Of all the entries below, only the lines from the one with "Για OPPO A3" up to and including the one with "栄養ドリンクやゼリーなどが売" are to be duplicated exactly.

▸ Entries shown
"""

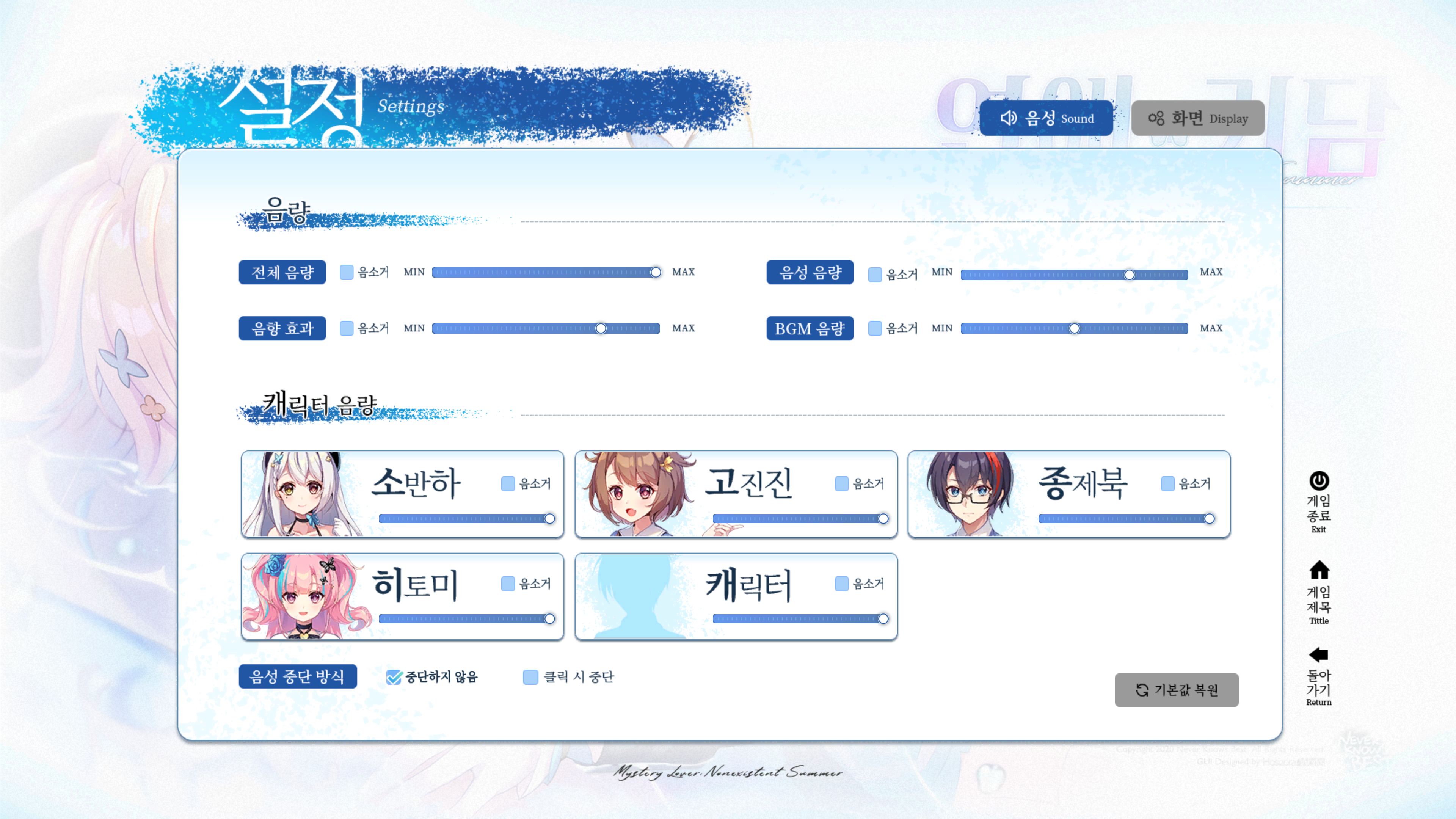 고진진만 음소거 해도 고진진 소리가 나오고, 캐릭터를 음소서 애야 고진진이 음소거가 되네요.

"""
"""

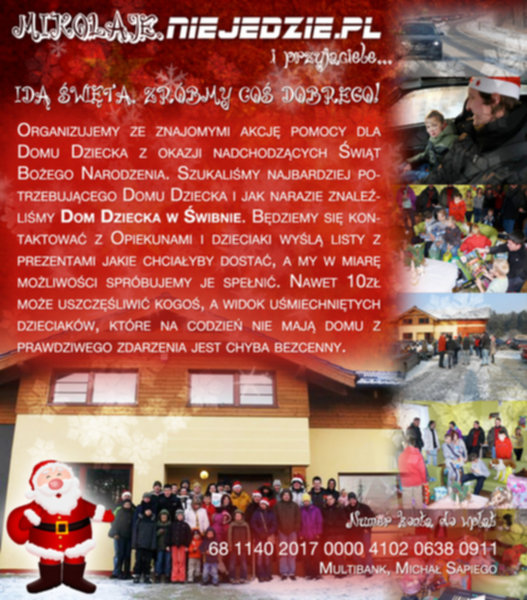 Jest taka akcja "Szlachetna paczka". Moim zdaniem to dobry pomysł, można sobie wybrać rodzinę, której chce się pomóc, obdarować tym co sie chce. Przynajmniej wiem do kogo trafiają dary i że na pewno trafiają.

"""
"""

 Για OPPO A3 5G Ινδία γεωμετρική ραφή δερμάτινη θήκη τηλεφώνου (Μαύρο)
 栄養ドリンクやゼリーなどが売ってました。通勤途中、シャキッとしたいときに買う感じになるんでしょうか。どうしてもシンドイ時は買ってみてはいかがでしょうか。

"""

▸ Reply
 Για OPPO A3 5G Ινδία γεωμετρική ραφή δερμάτινη θήκη τηλεφώνου (Μαύρο)
 栄養ドリンクやゼリーなどが売ってました。通勤途中、シャキッとしたいときに買う感じになるんでしょうか。どうしてもシンドイ時は買ってみてはいかがでしょうか。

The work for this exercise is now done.